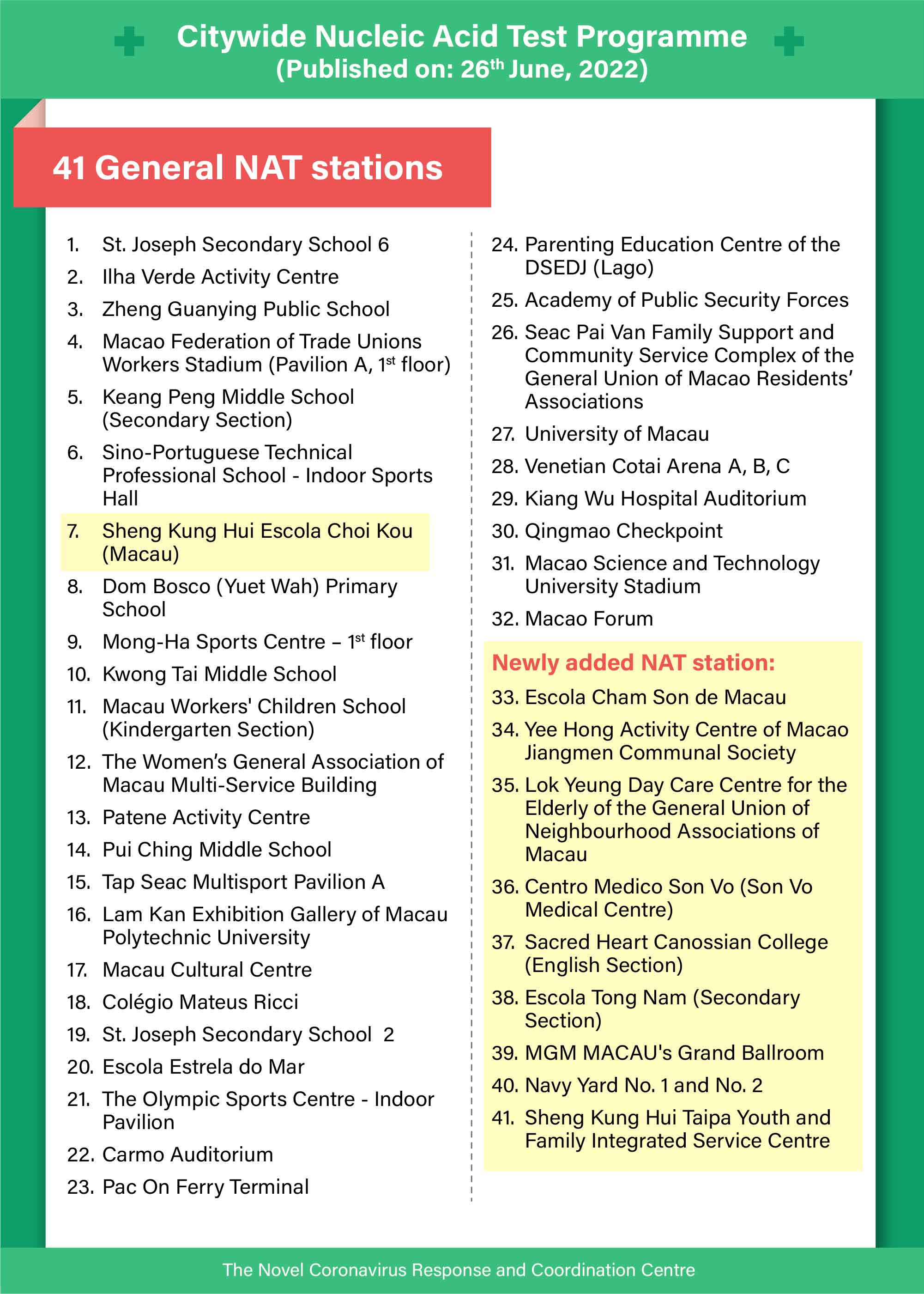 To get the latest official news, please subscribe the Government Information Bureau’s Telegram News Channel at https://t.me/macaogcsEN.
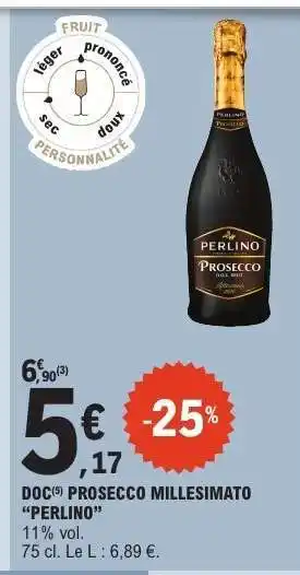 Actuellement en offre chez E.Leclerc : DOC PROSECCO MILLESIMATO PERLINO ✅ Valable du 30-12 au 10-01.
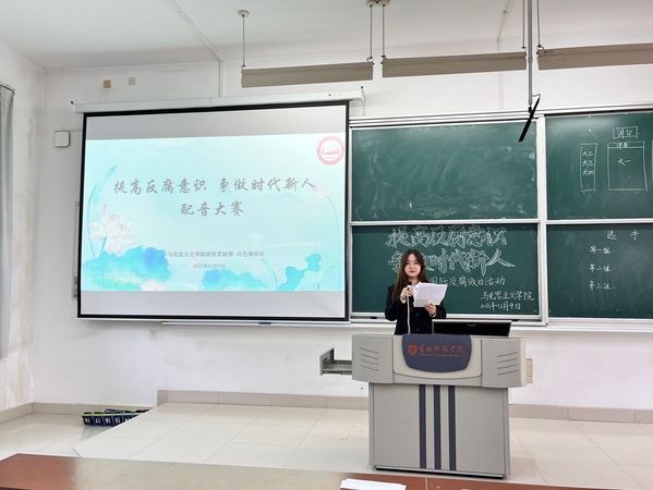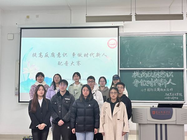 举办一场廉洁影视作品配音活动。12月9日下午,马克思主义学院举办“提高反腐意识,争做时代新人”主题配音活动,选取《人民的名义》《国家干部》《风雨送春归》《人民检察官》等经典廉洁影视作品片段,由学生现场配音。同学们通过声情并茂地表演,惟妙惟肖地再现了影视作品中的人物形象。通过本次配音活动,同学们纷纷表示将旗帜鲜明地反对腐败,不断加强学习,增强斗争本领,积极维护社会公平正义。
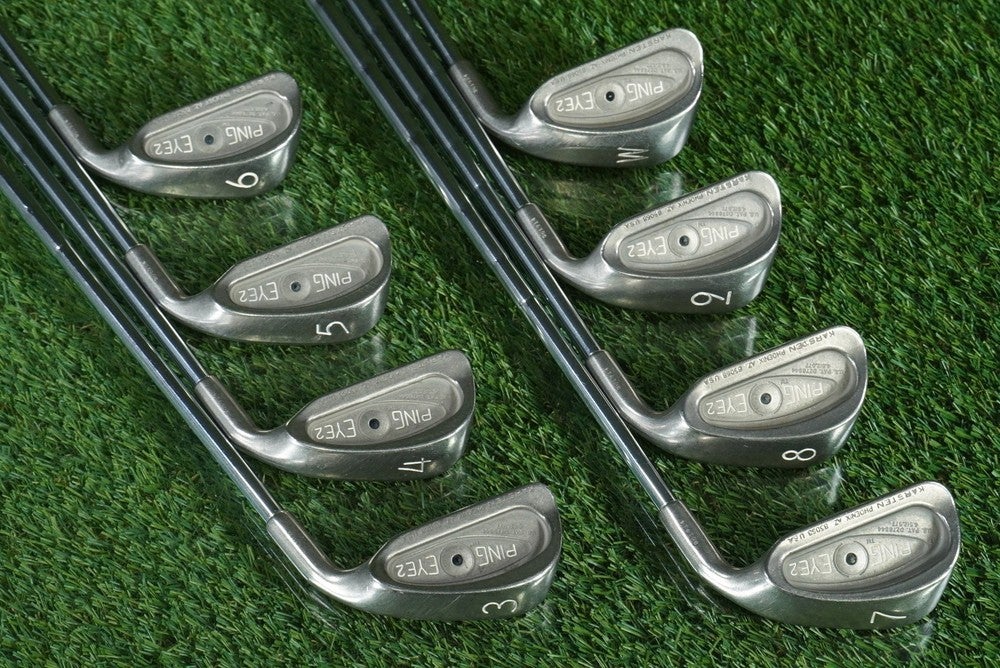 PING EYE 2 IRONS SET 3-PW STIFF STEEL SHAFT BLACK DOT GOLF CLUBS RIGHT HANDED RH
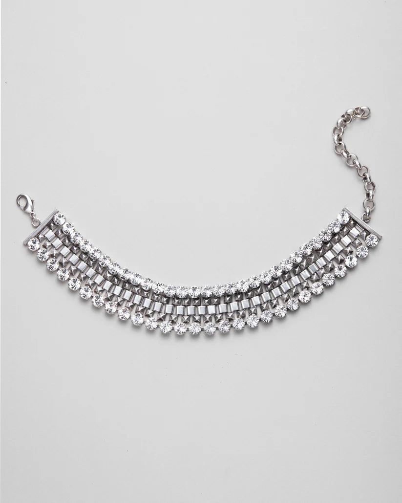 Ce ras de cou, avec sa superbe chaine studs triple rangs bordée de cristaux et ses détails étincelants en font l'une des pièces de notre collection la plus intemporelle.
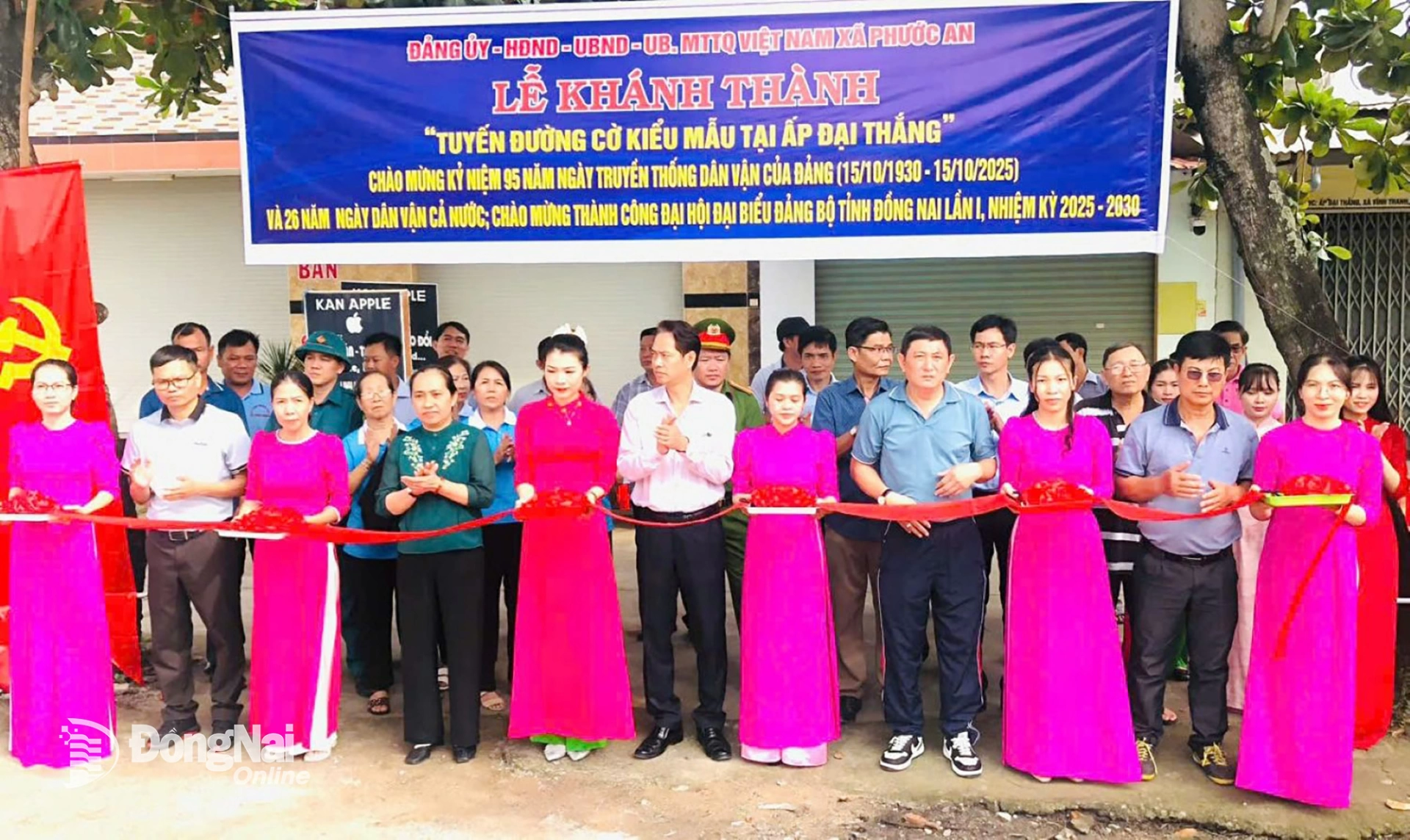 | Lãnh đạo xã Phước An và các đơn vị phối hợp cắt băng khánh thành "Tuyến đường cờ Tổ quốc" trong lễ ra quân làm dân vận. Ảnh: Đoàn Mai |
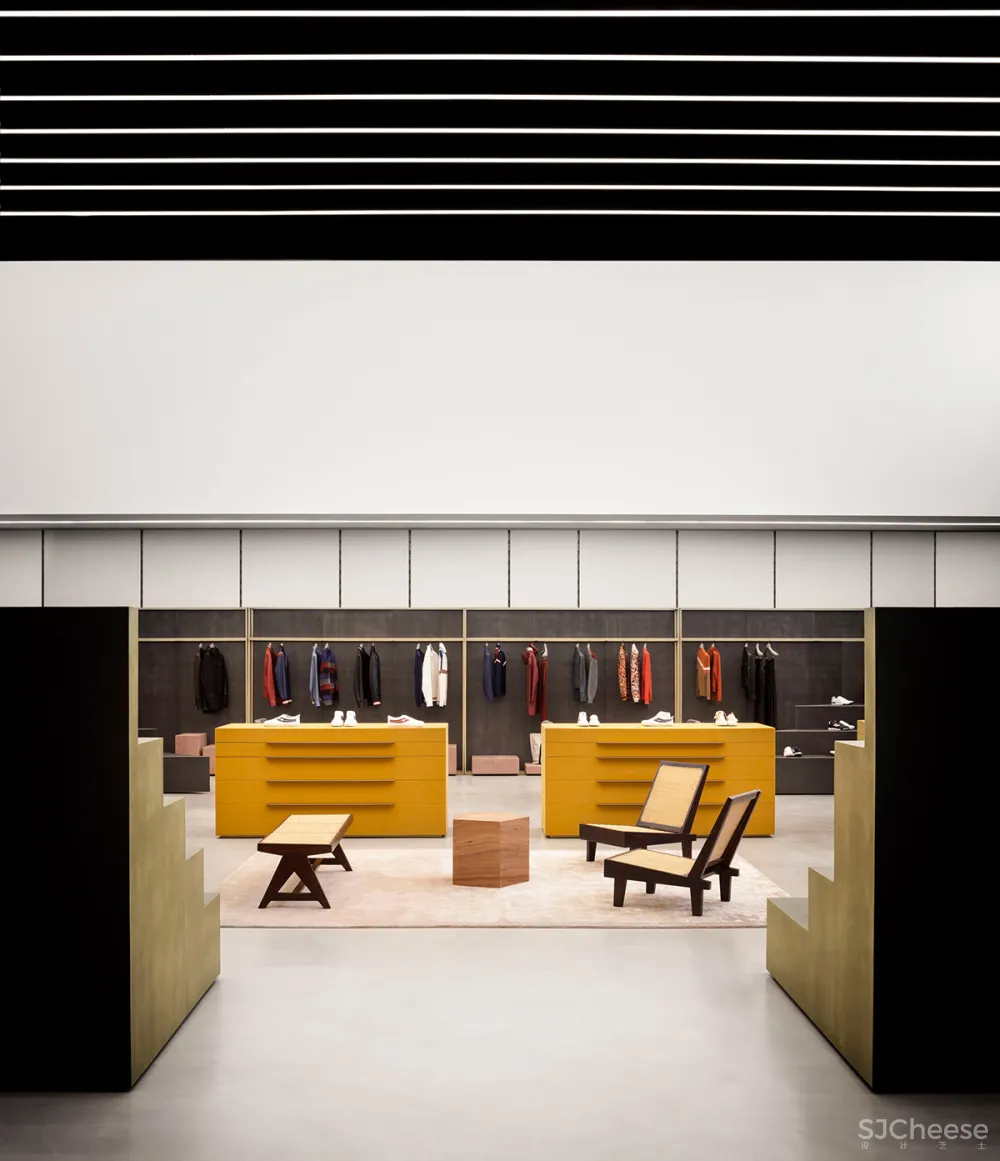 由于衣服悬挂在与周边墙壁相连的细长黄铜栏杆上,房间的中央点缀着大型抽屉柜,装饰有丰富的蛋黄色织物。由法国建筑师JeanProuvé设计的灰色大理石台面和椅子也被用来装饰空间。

-.-.-

*To do*. Everything in the records above must be repeated exactly, apart from the pictures.

*Worked solution*.
 To get the latest official news, please subscribe the Government Information Bureau’s Telegram News Channel at https://t.me/macaogcsEN.
 Actuellement en offre chez E.Leclerc : DOC PROSECCO MILLESIMATO PERLINO ✅ Valable du 30-12 au 10-01.
 举办一场廉洁影视作品配音活动。12月9日下午,马克思主义学院举办“提高反腐意识,争做时代新人”主题配音活动,选取《人民的名义》《国家干部》《风雨送春归》《人民检察官》等经典廉洁影视作品片段,由学生现场配音。同学们通过声情并茂地表演,惟妙惟肖地再现了影视作品中的人物形象。通过本次配音活动,同学们纷纷表示将旗帜鲜明地反对腐败,不断加强学习,增强斗争本领,积极维护社会公平正义。
 PING EYE 2 IRONS SET 3-PW STIFF STEEL SHAFT BLACK DOT GOLF CLUBS RIGHT HANDED RH
 Ce ras de cou, avec sa superbe chaine studs triple rangs bordée de cristaux et ses détails étincelants en font l'une des pièces de notre collection la plus intemporelle.
 | Lãnh đạo xã Phước An và các đơn vị phối hợp cắt băng khánh thành "Tuyến đường cờ Tổ quốc" trong lễ ra quân làm dân vận. Ảnh: Đoàn Mai |
 由于衣服悬挂在与周边墙壁相连的细长黄铜栏杆上,房间的中央点缀着大型抽屉柜,装饰有丰富的蛋黄色织物。由法国建筑师JeanProuvé设计的灰色大理石台面和椅子也被用来装饰空间。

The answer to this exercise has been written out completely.